OSPF Fast Convergence on specific links in a network.

Answered Question
Sep 10th, 2013
User Badges:

Hi,


I have a couple of question regarding speeding up OSPF convergence to help me understand it better. 

In this particular scenario I want to speed up OSPF convergence should a fault occur between two specific locations without causing issues for other routers on the network.  These two locations are part of the backbone area. The two locations have two point to point connection between them on two different routers at either end.


            R1-----------------(Serv Provider1)------------------------R3

        SiteA                                                             Site B

            R2-----------------(Serv Provider 2)------------------------R4 


As far I can see there are two main factors controlling OSPF fast convergence.

1. Failure Detection Time.

2. Propagation of fault / SPF recalulation time.


The first factor - failure detection time can be reduced by decreasing the OSPF hello/dead interval timers or by using BFD to detect the failure.  Which is the best option?


From what I see if using OSPF hello/dead timers I would only need to match timer values on router interfaces either side of my point to point links and could leave other interfaces as they are. Is this correct?



Regard the second part -  by throttling the SPF timers, OSPF SPF calculation time is reduced.
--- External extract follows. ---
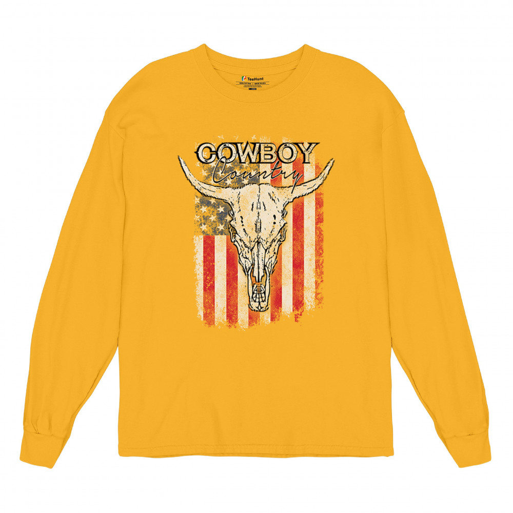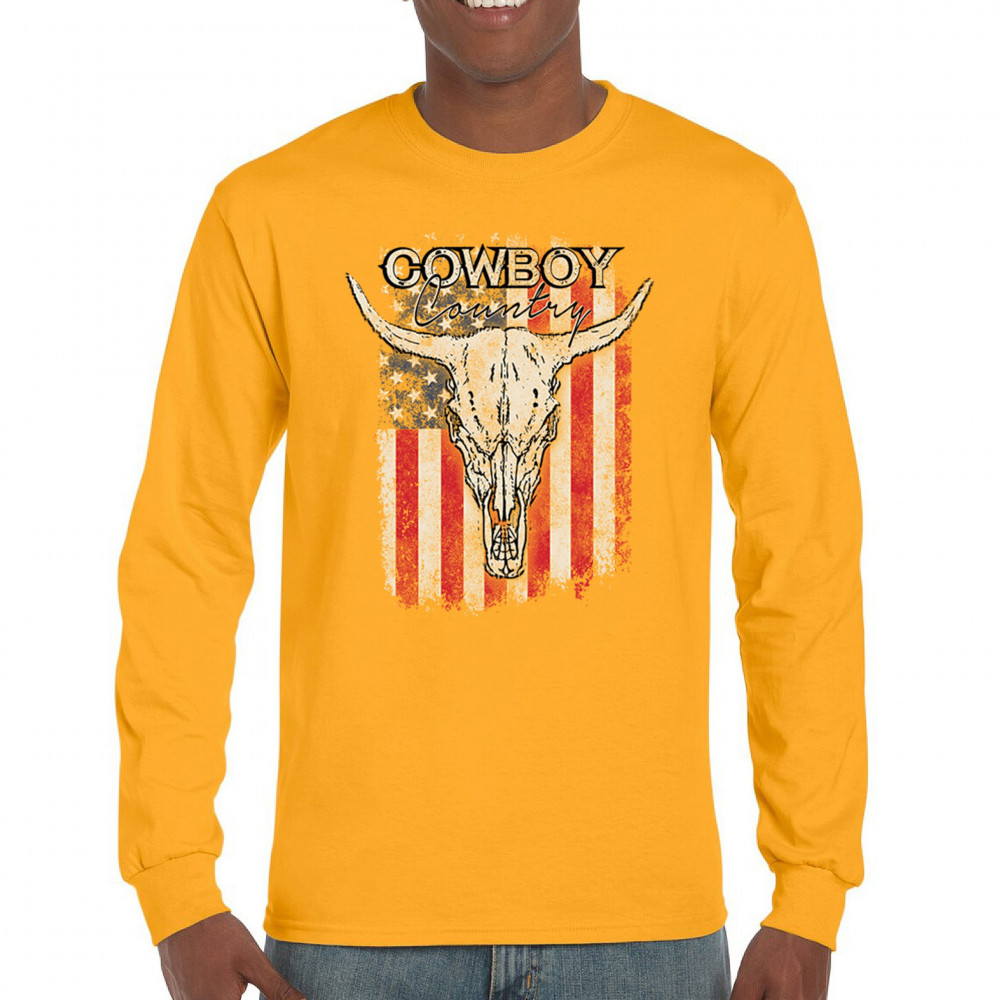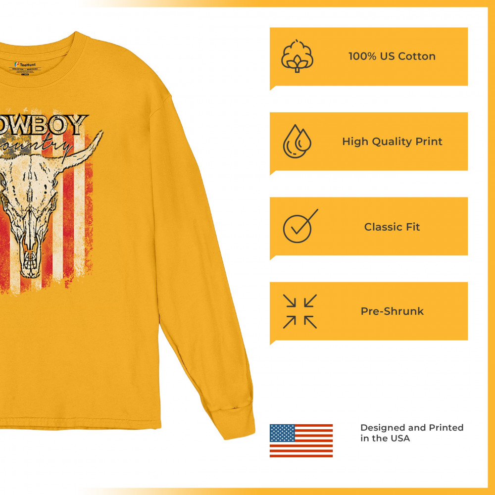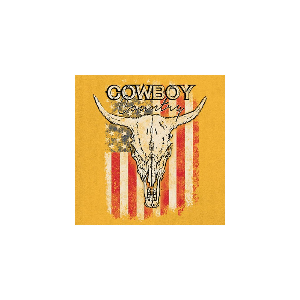 Cowboy Country steer skull design fuses rustic Americana, rodeo style, western heritage, and desert vibes for true frontier spirit.

Again considering my two Point to Point links can I adjust the timers on the routers either side of the Point to Point link or do I need to set them the same on all routers in the OSPF network.

("Timers throttle SPF" command).

Correct Answer by Joseph W. Doherty about 3 years 11 months ago

Disclaimer


The  Author of this posting offers the information contained within this  posting without consideration and with the reader's understanding that  there's no implied or expressed suitability or fitness for any purpose.  Information provided is for informational purposes only and should not  be construed as rendering professional advice of any kind. Usage of this  posting's information is solely at reader's own risk.


Liability Disclaimer


In  no event shall Author be liable for any damages whatsoever (including,  without limitation, damages for loss of use, data or profit) arising out  of the use or inability to use the posting's information even if Author  has been advised of the possibility of such damage.


Posting


5 second convergence should be achievable, if your OSPF support fast-hellos or BFDs.  I would try a dead-time of 2 seconds with a half second hello.
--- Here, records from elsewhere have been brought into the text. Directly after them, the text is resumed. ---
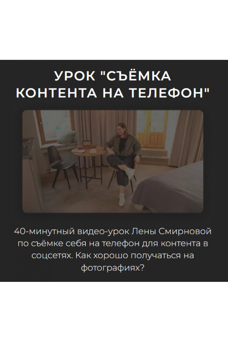 40-минутный видео-урок Лены Смирновой по съёмке себя на телефон для контента в соцсетях.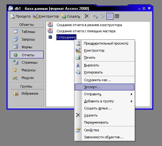 Когда отчет будет создан его надо экспортировать в Excel, щелкнув правой кнопкой по названию отчета в окне базы данных на странице «Отчеты» - рисунок приводится ниже по тексту.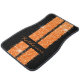 Bright orange faux glitter sparkly bling effect racing stripe or retro tire tread design on custom personalized interior car floor mats with a feminine script name (or any custom text), on a black editable color background, the perfect interior car decor for any automobile racing fan enthusiast, or as a funny joke gift for a crazy speeder or brand new drivers license.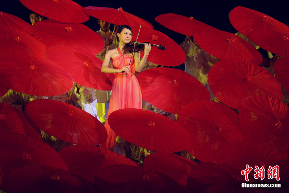 8月23日,北京武搏會開幕式彩排中,演員在由12.5萬根筷子粗細的腈綸線組成的“線陣”中表演。據(jù)了解,這是國內(nèi)首次使用“線陣”作為開幕式創(chuàng)意。 中新社發(fā) 蘇丹 攝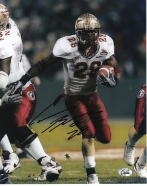 In 2004, his Sophomore Year at Florida State, Lorenzo Booker led the team in carries with 173, and was second in both rushing yards (887) and touchdowns (4), and also had 24 catches for 160 yards. Booker led the Seminoles in rushing yards, carries, and touchdowns in his junior year in 2005, with 119 carries for 552 yards (4.8 avg) and four touchdowns. He also recorded 38 receptions for 329 yards and 2 touchdowns. Lorenzo Booker has hand autographed this Florida State Seminoles 8x10 Photo. FI Hologram and Certificate of Authenticity from Athlon Sports.

To deal with the other variables related to fast OSPF network convergence, after link change has bee noted, you might find the following a good read:

http://blog.ine.com/2010/06/02/ospf-fast-convergenc/

Correct Answer by Rolf Fischer about 3 years 11 months ago

Hi Pat,



Regarding the SPF hold timers. to confirm is there any issue with having different values on different routers in the network. I presume not as the value is random anyway?



the values for deferring the SPFA is always a compromise: On the one hand you don't want a continuing recalculation caused by a flapping link, on the other you expect fast convergence. So you have to find values which meet the requirements in terms of convergence and stability at the same time.

I think the main issue with different values within an Area are micro-loops. Since recalculation (and subsequent updating of the routing-tables) is never done at exactly the same time on the routers, link-state routing protocols can produce short times with micro-loops after topology changes because some forwarding tables are updated sooner than others (we're talking about tens-hundreds of milliseconds).

If you change the sfp-start timer to, let's say 1 second or even less, and other routers in the area still have the default-value (which is 5 seconds), the period of time where micro-loops are can occur could be considerably long and there could be some undesired impact, depending on topology/design.


Hope that helps

Rolf

  • 1
  • 2
  • 3
  • 4
  • 5
Overall Rating: 5 (3 ratings)
Loading.
shajakhan85 Tue, 09/10/2013 - 08:15
User Badges:

1. From what I see if using OSPF hello/dead timers I would only need to  match timer values on router interfaces either side of my point to point  links and could leave other interfaces as they are. Is this correct?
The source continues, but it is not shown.